• Records for the task:
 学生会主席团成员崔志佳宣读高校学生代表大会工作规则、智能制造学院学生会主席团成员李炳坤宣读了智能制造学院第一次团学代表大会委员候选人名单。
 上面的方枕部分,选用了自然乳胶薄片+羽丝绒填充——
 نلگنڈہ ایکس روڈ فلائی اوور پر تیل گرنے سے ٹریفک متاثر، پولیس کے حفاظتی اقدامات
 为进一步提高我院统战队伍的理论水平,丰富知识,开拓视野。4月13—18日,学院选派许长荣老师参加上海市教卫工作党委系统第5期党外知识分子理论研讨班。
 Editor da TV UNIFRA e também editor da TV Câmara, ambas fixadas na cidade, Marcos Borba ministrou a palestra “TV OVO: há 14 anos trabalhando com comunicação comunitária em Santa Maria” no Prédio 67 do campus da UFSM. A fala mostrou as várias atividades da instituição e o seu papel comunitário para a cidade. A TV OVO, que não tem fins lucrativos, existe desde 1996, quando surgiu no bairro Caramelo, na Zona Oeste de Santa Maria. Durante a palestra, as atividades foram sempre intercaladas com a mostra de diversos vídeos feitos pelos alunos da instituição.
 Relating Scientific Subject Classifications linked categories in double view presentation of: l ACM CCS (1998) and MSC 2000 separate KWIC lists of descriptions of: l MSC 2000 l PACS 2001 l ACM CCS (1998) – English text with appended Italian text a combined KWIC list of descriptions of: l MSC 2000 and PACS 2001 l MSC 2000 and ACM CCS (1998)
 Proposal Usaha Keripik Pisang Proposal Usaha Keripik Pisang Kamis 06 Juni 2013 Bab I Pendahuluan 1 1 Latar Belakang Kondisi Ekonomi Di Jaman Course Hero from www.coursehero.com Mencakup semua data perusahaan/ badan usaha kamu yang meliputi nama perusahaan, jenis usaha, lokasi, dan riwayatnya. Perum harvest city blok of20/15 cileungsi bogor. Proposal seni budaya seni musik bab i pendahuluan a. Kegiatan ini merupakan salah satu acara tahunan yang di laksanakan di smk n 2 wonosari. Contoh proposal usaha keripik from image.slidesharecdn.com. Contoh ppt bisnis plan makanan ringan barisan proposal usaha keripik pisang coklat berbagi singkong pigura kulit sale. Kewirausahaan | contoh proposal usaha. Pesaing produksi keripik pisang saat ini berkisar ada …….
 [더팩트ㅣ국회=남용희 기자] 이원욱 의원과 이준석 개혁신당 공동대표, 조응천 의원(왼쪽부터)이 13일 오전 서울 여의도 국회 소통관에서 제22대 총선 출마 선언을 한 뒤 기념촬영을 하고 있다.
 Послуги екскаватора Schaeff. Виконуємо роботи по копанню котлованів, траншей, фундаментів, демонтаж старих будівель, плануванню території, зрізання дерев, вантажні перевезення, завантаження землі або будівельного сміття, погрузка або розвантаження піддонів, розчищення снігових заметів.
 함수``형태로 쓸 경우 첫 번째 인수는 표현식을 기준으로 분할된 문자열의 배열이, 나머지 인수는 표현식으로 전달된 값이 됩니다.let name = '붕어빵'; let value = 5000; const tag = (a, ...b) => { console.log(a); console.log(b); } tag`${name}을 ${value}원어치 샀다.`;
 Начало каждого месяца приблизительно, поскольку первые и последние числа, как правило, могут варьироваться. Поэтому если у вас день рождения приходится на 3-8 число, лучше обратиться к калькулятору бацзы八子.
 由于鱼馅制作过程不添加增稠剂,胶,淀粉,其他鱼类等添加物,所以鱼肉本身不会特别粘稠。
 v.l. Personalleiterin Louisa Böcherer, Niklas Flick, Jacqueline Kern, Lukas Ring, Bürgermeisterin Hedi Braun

• What the task asks:
Nothing but the lines from the one with "由于鱼馅制作过程不添加增稠剂" through the last line of the records above should be retyped, and those word for word.

• Response:
 由于鱼馅制作过程不添加增稠剂,胶,淀粉,其他鱼类等添加物,所以鱼肉本身不会特别粘稠。
 v.l. Personalleiterin Louisa Böcherer, Niklas Flick, Jacqueline Kern, Lukas Ring, Bürgermeisterin Hedi Braun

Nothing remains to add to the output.